I suspect if this had happened to me as a baby, my mother would have rushed over, frantic, and insisted I should be taken to the ER. But I knew if I stayed calm, Lelle would, too. So I put my hand on top of her head, as I imagined my mother had wished she could do, and said, “You’re okay.”
She stopped crying. And then I dashed to the bathroom to weep, because I wanted so badly to have a child, to care for someone, to have someone care for me.
The day before Patrick planned to leave for Maryland for two months, I was in the cheese section of Whole Foods when I felt my eyes sting and fill with tears. The store blurred before me with parmesan and pasta, garlic and olives, cider and brownies, the things that I loved and that I loved to share.
I would miss entering my apartment with him there to greet me. I would miss having someone know my whereabouts.
So I asked him to stay for just one more day. “Elizabeth,” he said, in mock exasperation.

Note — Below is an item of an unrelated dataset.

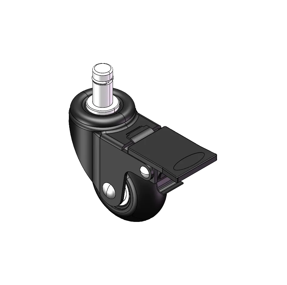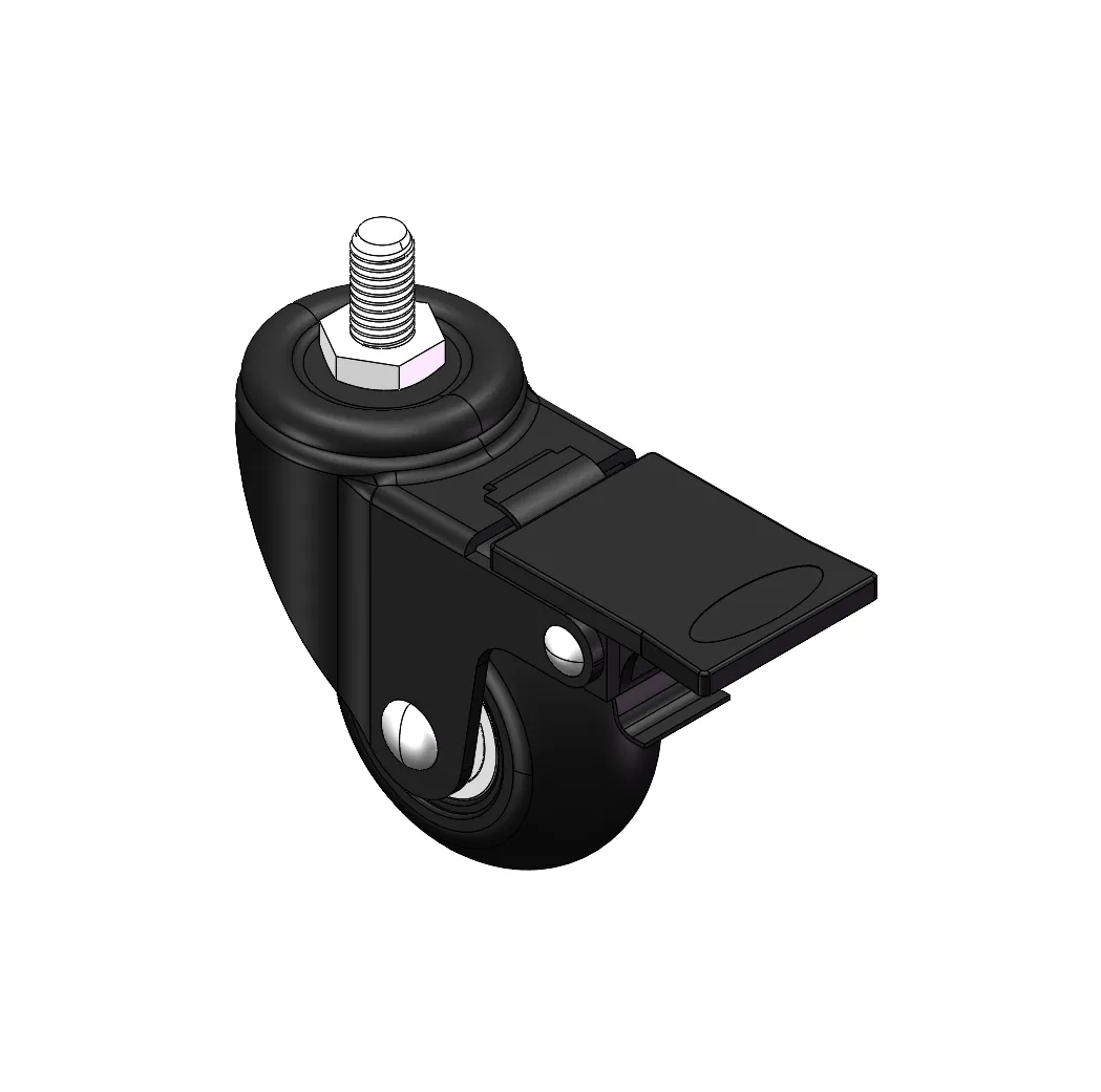 Caster with a single-brake With locking system, thread-Riveted, Injection Molding Fork (3/8"-16).

And as we settled into domestic comfort, I tried to wade through how I really felt about him, and whether this was about missing Patrick, or missing someone I could count on in my life.
In the middle of the night, with Patrick asleep by my side, his departure impending—and the end of our shared story—I shook with sobs.
Patrick woke up and listened as I told him what had happened with Lelle, my friends’ daughter, the other day, and about my need to protect and be protected. He knew what it was like to have lost a parent.
“Elizabeth,” he said, his arms wrapped around me, “you’re okay.”